Git Product home page Git Product logo

pre-commit-hooks's Issues

Add hooks to lint conda recipes and pyproject.toml files

Currently all of the non-dependency components of our package files are managed manually. This can lead to problems when some fields need to be specified in certain ways. It should be fairly trivial to implement a pre-commit hook that checks things like the license fields to ensure that they are appropriate. We could add as much complexity as we really need to handle various, although I'd probably err on the side of starting with only linting simple cases like common license typos and only adding more complex checks later if necessary.

[FEA] Add pre-commit hook to verify Markdown links

Is your feature request related to a problem? Please describe.
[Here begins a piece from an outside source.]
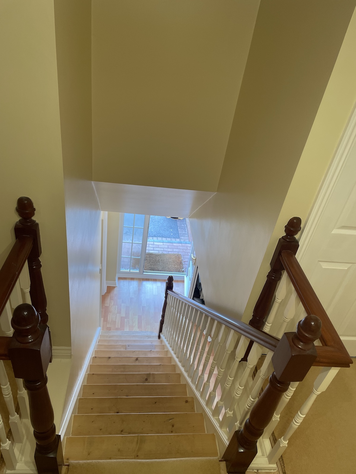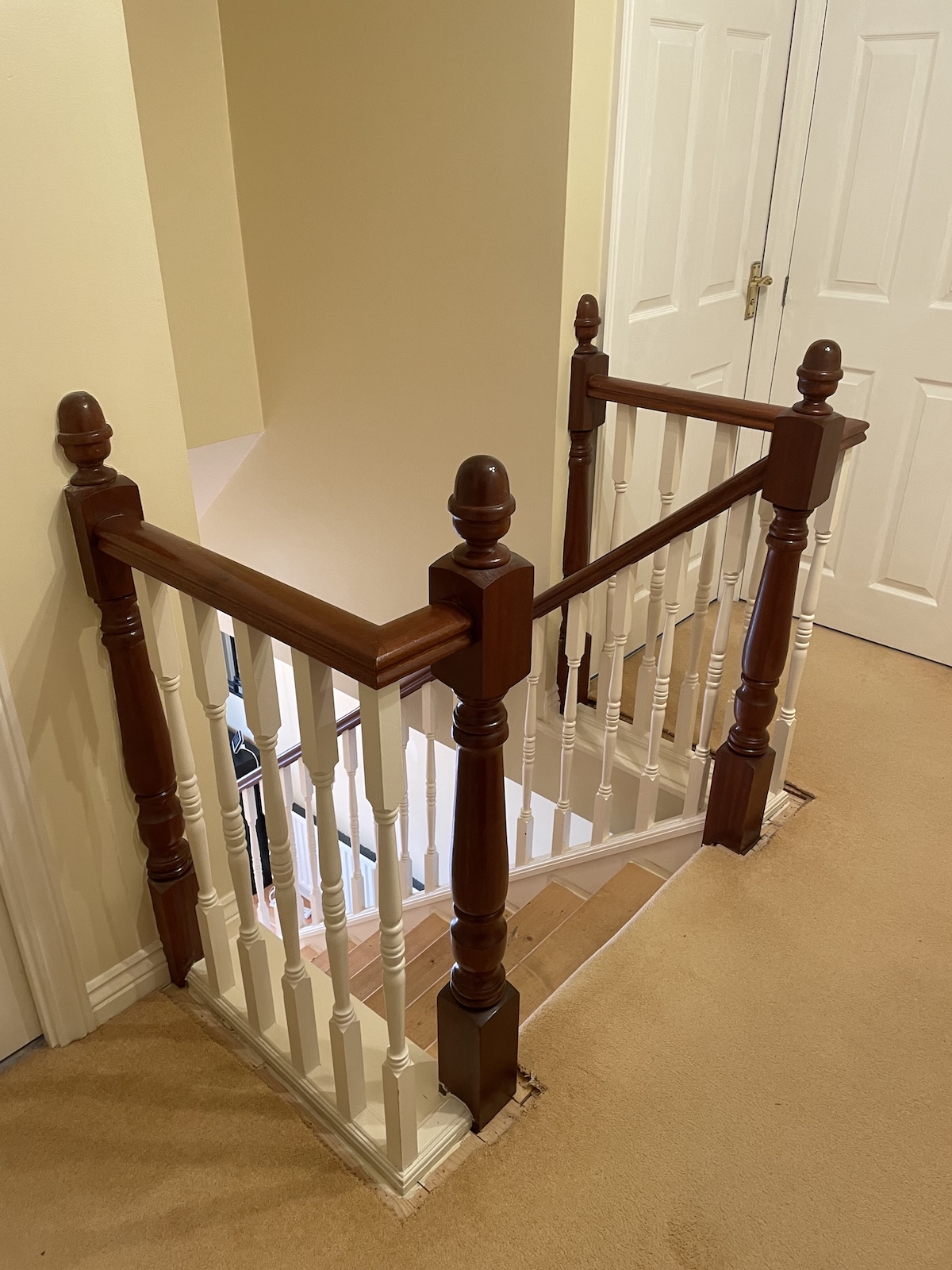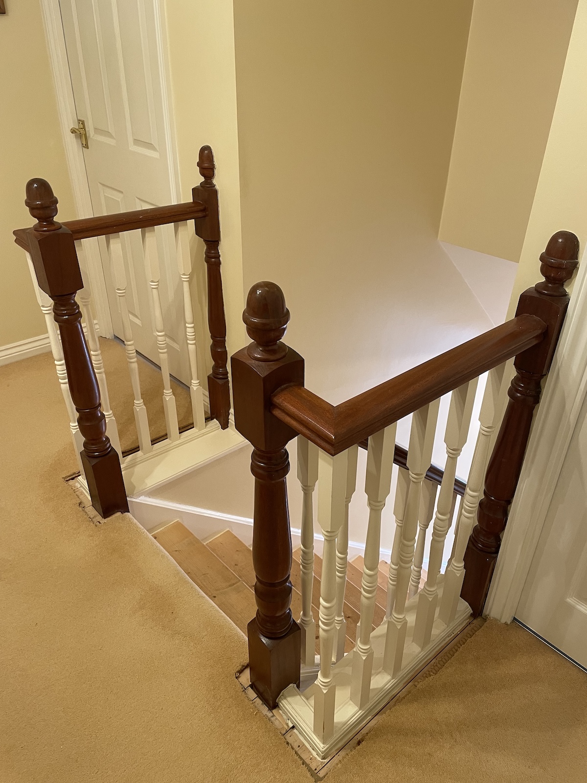 The original staircase featured a contrasting two-tone finish that had become outdated and no longer suited the surrounding décor. The mixed materials made the staircase feel heavy and visually cluttered.

I recently setup a GitHub action in the Thrust repository to validate links in Markdown docs to ensure links don't get stale/broken.

NVIDIA/thrust#1640

It would be nice to do the same thing for libcudf (and other RAPIDS libraries).

Add copyright hook

The first hook that we would like to support is for checking copyright headers to ensure that they are up to date. The copyright script that we would like to adapt is already present in a few repos such as cudf. The purpose of this issue is to capture discussions that we have had recently regarding issues with this script, discuss potential workarounds, and determine a path forward.

The current script tends to work well for our style checks in CI, but it occasionally runs into issues on local runs where it incorrectly identifies modified files, resulting in updated copyrights for unmodified files. Here are some of the solutions suggested so far:

  • I proposed a modification to the logic that eschews "upstream branch" detection altogether in favor of relying on pre-commit to tell us which files were modified and then use git to query first and last modified times. This approach is far simpler and more robust, but @bdice pointed out that it has a potential weakness due to our usage of squash merges rewriting history and therefore having a different final year after a squash merge than before when a PR opened in one year is merged in the following year. Specifically, the problematic case is the following situation:
    • A PR is created in December, with files foo.cpp and foo.hpp modified and given the copyright year X
    • In January, foo.cpp is modified, resulting in an updated copyright year X + 1
    • The PR is squash-merged, with foo.cpp having the copyright year X + 1 but foo.hpp only having year X. However, due to the squash, the last modified time of foo.hpp is actually year X + 1 according to the git history.
    • All subsequent runs of the copyright hook with --all-files result in errors on foo.hpp
    • Note that the same issue is also present with the current copyright hook logic, but only in the much more limited scenario where a PR is created in December and then merged in January with no additional modifications to files. The primary difference is that with the current approach modifying any file in the PR is sufficient to update the copyright for all of the files in the diff with the main branch, whereas with the above proposal only the subset of actually modified files will be updated.
  • Another proposed alternative was modifying the RAPIDS /merge GH command to account for this discrepancy by performing a squash and copyright update prior to doing the squash merge on GH, but we rejected this solution as requiring too much engineering effort.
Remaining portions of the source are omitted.